» **Provided records**:
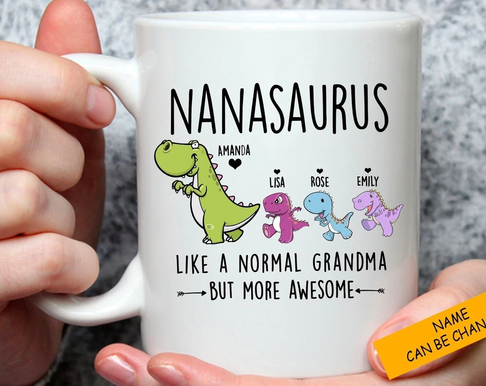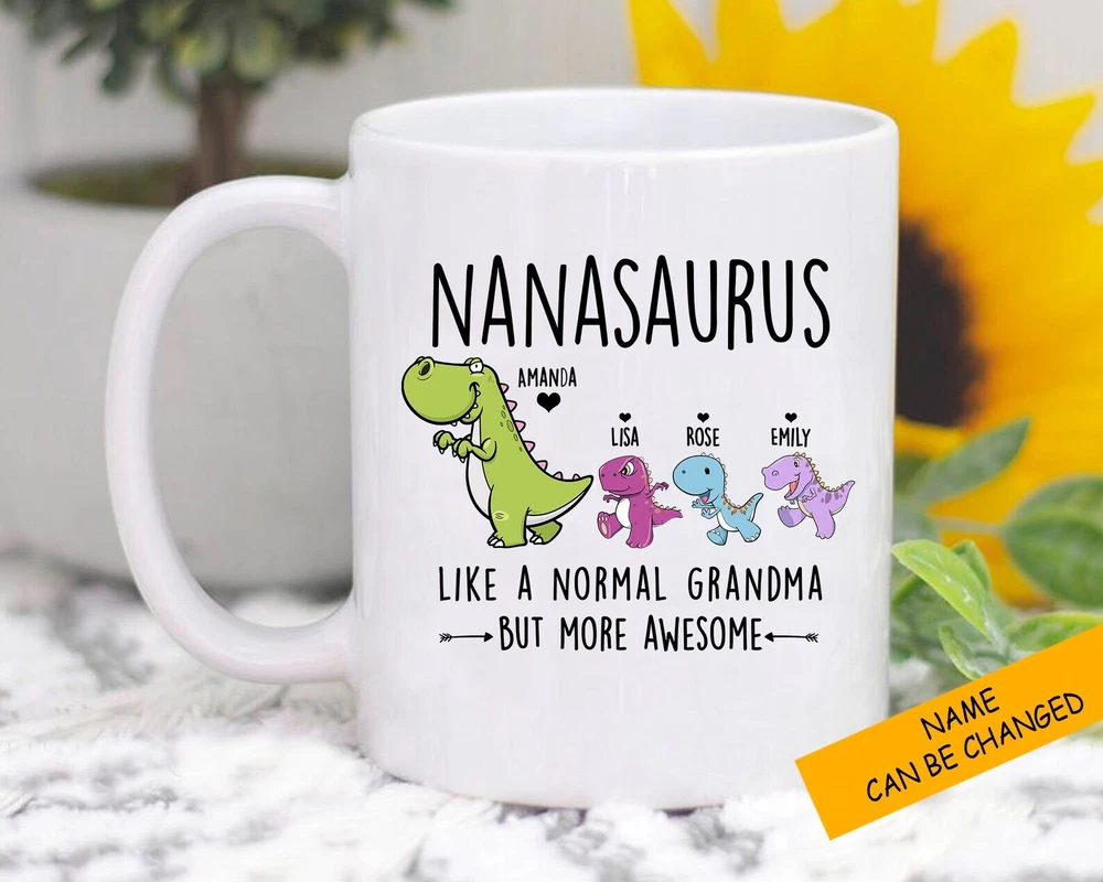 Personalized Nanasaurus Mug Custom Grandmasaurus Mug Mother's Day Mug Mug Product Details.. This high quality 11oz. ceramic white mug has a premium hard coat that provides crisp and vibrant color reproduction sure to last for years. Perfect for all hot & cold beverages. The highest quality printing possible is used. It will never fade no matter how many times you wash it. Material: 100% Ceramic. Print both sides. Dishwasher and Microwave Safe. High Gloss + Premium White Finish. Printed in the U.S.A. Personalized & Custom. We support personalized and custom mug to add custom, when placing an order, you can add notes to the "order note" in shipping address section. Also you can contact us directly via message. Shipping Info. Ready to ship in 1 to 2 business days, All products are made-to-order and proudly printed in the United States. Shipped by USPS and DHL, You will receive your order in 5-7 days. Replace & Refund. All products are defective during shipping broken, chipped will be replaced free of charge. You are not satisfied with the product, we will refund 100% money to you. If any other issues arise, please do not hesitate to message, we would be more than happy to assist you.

--

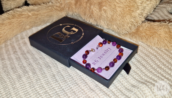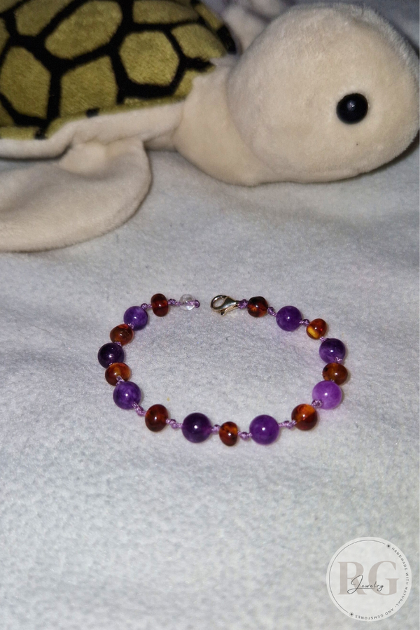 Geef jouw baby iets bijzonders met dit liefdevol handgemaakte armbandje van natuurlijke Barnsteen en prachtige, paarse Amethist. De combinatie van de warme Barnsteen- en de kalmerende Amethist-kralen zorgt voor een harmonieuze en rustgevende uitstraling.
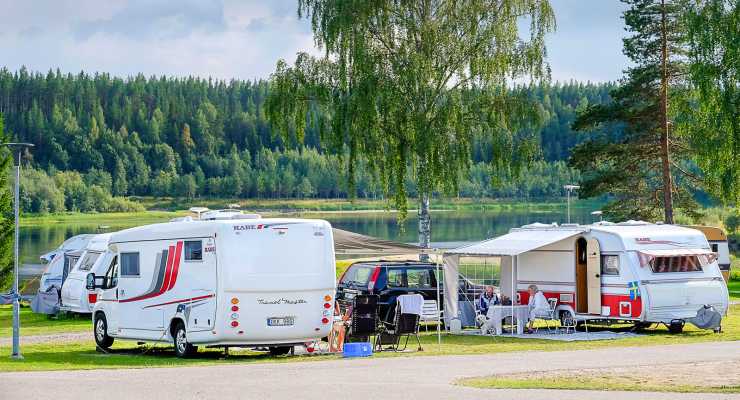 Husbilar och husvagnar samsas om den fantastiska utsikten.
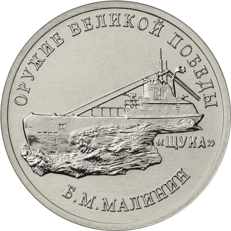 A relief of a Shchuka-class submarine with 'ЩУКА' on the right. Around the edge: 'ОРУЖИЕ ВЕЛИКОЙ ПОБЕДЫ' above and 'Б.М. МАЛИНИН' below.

==

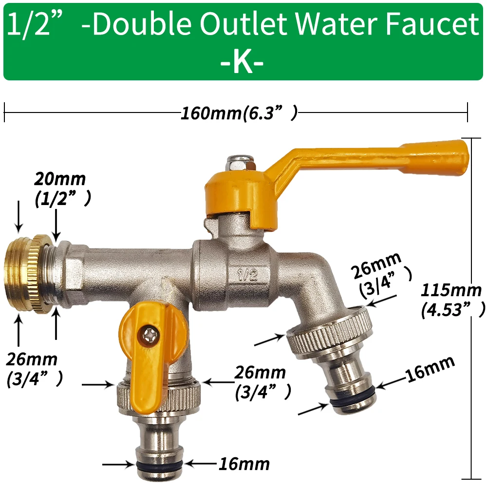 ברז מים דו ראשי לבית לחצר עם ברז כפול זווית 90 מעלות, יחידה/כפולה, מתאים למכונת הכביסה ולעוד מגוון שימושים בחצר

» **Description of the task**: Beginning with the line above that has "Geef jouw baby" and going on through the line that has "A relief of", retype every line exactly and add nothing else; drop the pictures.

» **Completed task**:
 Geef jouw baby iets bijzonders met dit liefdevol handgemaakte armbandje van natuurlijke Barnsteen en prachtige, paarse Amethist. De combinatie van de warme Barnsteen- en de kalmerende Amethist-kralen zorgt voor een harmonieuze en rustgevende uitstraling.
 Husbilar och husvagnar samsas om den fantastiska utsikten.
 A relief of a Shchuka-class submarine with 'ЩУКА' on the right. Around the edge: 'ОРУЖИЕ ВЕЛИКОЙ ПОБЕДЫ' above and 'Б.М. МАЛИНИН' below.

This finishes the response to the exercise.